Detailed analysis based on the basic structure of the storage system SILT

March 30, 2023

The SILT storage system uses a number of basic key-value storage structures, each optimized for different operations: (1) The update operation of the key values ​​is performed on the write-optimized storage structure. (2) Most key-value pairs are stored in a storage-efficient structure. Although data outside the storage structure seldom uses efficient storage indexes, the cost of the average index per key is very low. (3) SILT can be adjusted to cope with extreme situations, that is, the query is in the last and most recent storage structure. SILT allows all queries to be completed within 1+(nbcl)flash read time by using a memory filter.

Detailed analysis based on the basic structure of the storage system SILT

The structure and basic storage structure of SILT (LogStore, HashStore, SortedStore) is shown in Figure 1.

Figure 1 SILT storage structure

LogStore is highly efficient for write operations and is primarily used for PUT and DELETE operations. In order to achieve high system performance, the result of writing data is directly added to the end of the log file on the flash. Because these records are sorted by the appropriate time, the LogStore maps them through the hash table in memory with the key and the corresponding offset in the log file. SILT uses cuckoo hash to achieve high performance with minimal memory consumption. The cuckoo hash of some of the keys proposed in this paper occupies 93% of space at a lower computational cost and memory consumption. Compared to the other two read-only storage structures, the data storage is compact, and the LogStore must store a 4-byte pointer. SILT therefore uses only one LogStore.

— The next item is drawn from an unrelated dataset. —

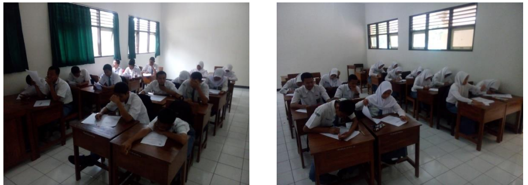
Gambar 2.3 Suasana Ulangan Harian

Evaluasi yang diberikan pada mata diktat yaitu latihan soal, evaluasi diakhir materi, perbaikan, dan keaktifan siswa dalam PBM.
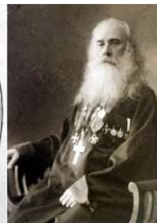
Священномученик Алексий ( Порфирьев ) протоиерей ---1856-1918

Епископ Лаврентий (в миру Евгений Иванович Князев) родился в 1877 году в городе Кашире. Происходил из духовного звания. Был единственным сыном у матери-вдовы. Начальное образование получил в Веневском духовном училище, среднее – в Тульской семинарии. В 1902 году окончил Санкт-Петербургскую Духовную академию со степенью кандидата богословия. 28 января 1902 года пострижен в монашество на Валааме архиепископом Сергием (Страгородским), а 5 февраля рукоположен в иеромонаха.

When the storage in the LogStore is saturated, the LogStore will be converted into a fixed HashStore. HashStore data is stored in flash as a hash table, which does not require an index of memory to retrieve records or data. SILT can use multiple HashStores before merging them into SortedStore. Each HashStore uses an efficient memory filter to filter out keys that do not exist.

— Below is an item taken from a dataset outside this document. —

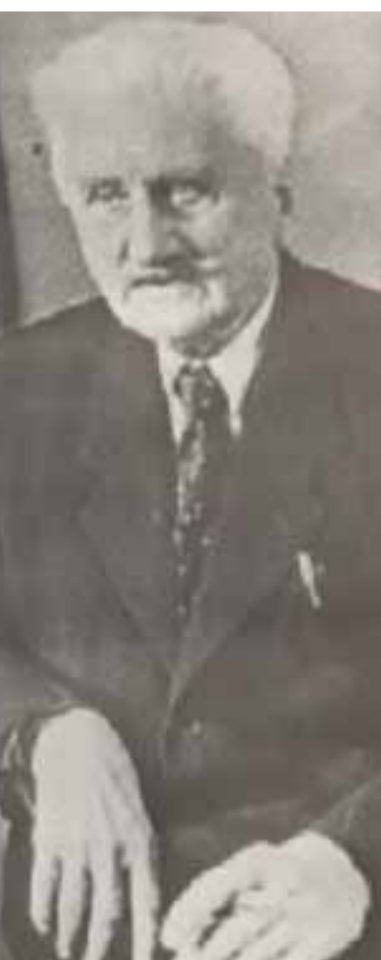
თეატრის კარი“ (ი. ვართაგავა, დასახ. ნიგნი; გვ. 36-37).

მამის ეს ძვირფასი ანდერძი შვილმა სათუთად ჩაიღო უბეში და მოკრძალებით შეალო

SortedStore maintains key-value pair data in flash in a specified order, which changes the index in a very concise form. Because the cost of a single update to the sorted data is very high, the SILT periodically merges the contents of the HashStore table into the SortedStore.

LogStore sequentially writes PUT and DELETE operations into the flash to achieve high write throughput. The partial key of the memory cuckoo hash index can efficiently implement the mapping of the key to the position in the corresponding log file (as shown in Figure 2).

LogStore uses a hash table based on cuckoo hash. It uses two functions and maps that implement key values ​​to the appropriate locations. In the new key join hash table, if one of the two locations is empty, add it to this empty location; otherwise the new key replaces one of the two locations, and the replaced key is iterated as described above. Until it finds its optional location.

Figure 2 LogStore design

To make it as concise as possible, the hash table does not store the entire key, but just a tag that stores the key. Only when the query matches the corresponding tag, the subsequent operations are continued, so that the key that does not exist can be filtered.

Although storing tags can save memory space to some extent, the same problem arises: moving a key to another location of its choice requires knowing its other hash value in advance. However, the corresponding key value is stored in the flash, so in this case a flash read operation is required. In order to solve this problem, the index of its optional location is used as a tag in the corresponding hash table. For example, if a key is placed in position, its other hash value will be stored as its tag in the location, and vice versa.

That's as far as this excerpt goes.